Something definitely blew in the AC system, the hissing was the refrigerant leaking and the “smoke” was it evaporating into the atmosphere. Putting on one of those little cans is not an accurate way of measuring the refrigerant level (I assume the can tap had some sort of cheaper AC pressure gauge device built into it. You can only check AC pressures with accurate AC gauges hooked up to both the high side and the low side and see what both pressures are when both idling and runnning at say 2000 rpm or so. From where I’m sitting, I’d guess an AC hose or an ac seal blew in the area that was damp. So check that area closely, or inject some AC leak dye into the system and the dye will come out of the leaking area.
“One of my friends insist on buying a hyundai (accent). I know they are not that great but what specifically is bad about hyundai’s? I want to hear it from a real mechanic.”

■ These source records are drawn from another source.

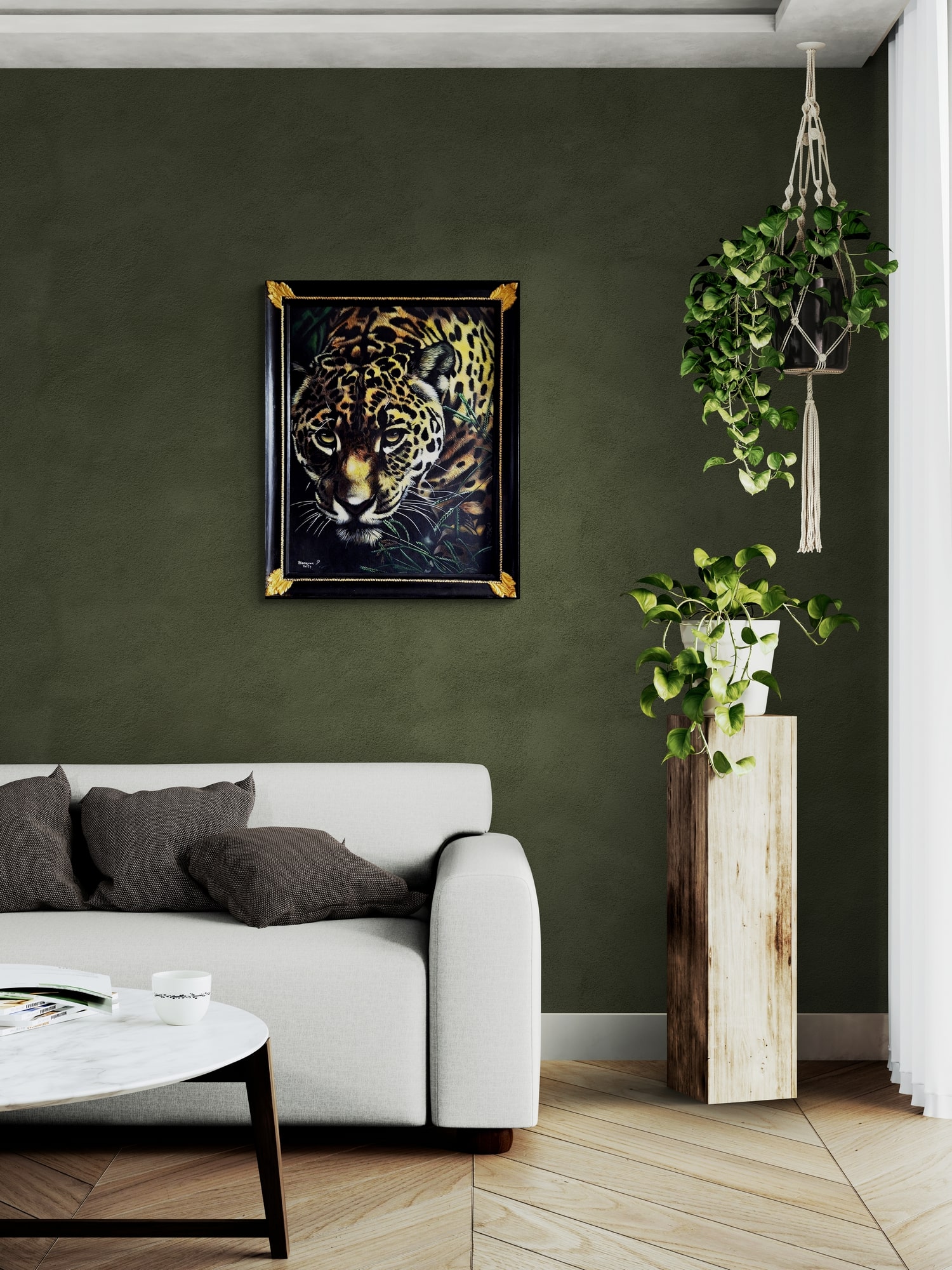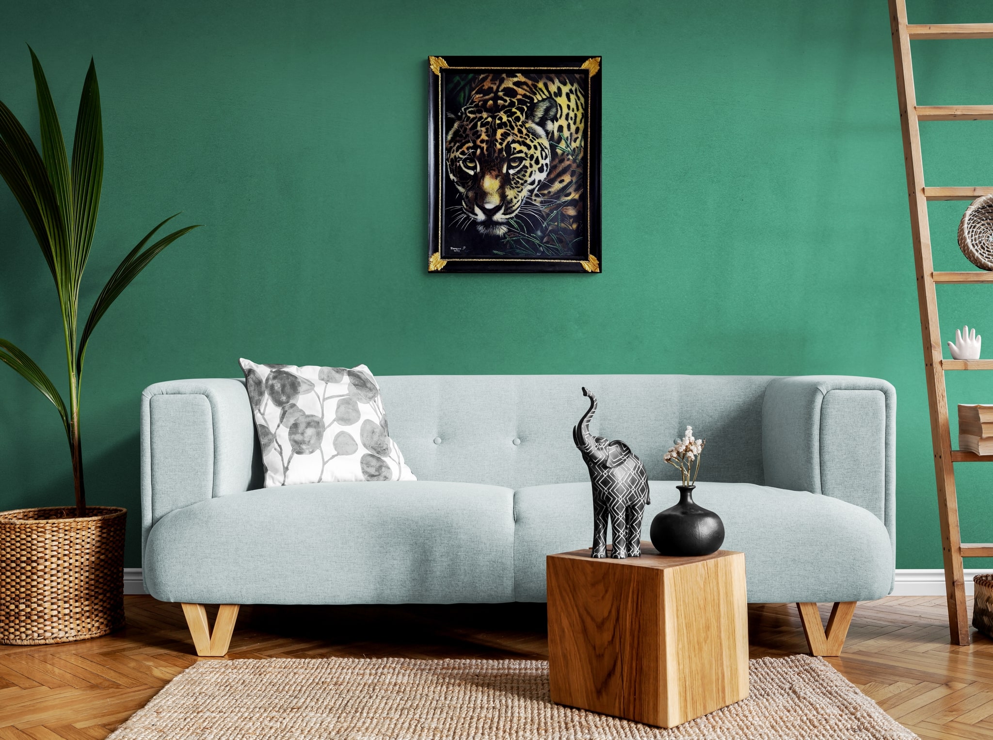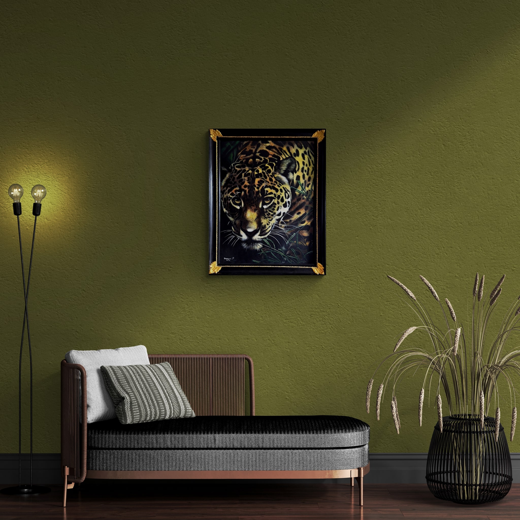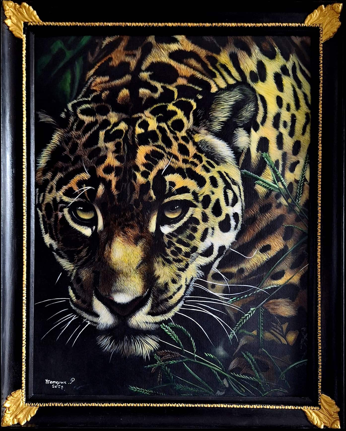 Dans ce tableau, le jaguar est saisi à l’instant décisif de la chasse : muscles tendus, regard implacable, démarche mesurée avec une précision absolue. La fourrure, peinte poil par poil, crée une illusion presque tactile — comme si l’on pouvait en sentir la texture sous la main. Le jeu d’ombre et de lumière accentue la tension : le prédateur semble suspendu entre invisibilité et révélation, prêt à bondir.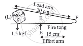 A fire tongs has arms 20 cm long. It is used to lift a coal of weight 1.5 kgf by applying an effort at a distance 15 cm from the fulcrum. Find: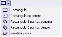 En los comandos como Rectángulo, donde es probable que desee crear repetidamente la misma variante del rectángulo, el último comando utilizado se convierte en el icono del botón y es el comando predeterminado utilizado.

Well, their parts supply isn’t great and replacement parts are generally VERY expensive due to this. And, they just don’t hold up like a Toyota or a Honda in the long run. I personally don’t like working on them for that reason–I can be waiting days for parts that cost a lot,and often have no alternative place to find the parts. I’ve had customers who always bought Toyotas or Hondas, then they got a hyundai and were not happy. They all went back to Toyota and Honda the next car they purchased. That just about says it all. I’ve been working on cars the last forty plus years, so you might say I’ve seen just about everything.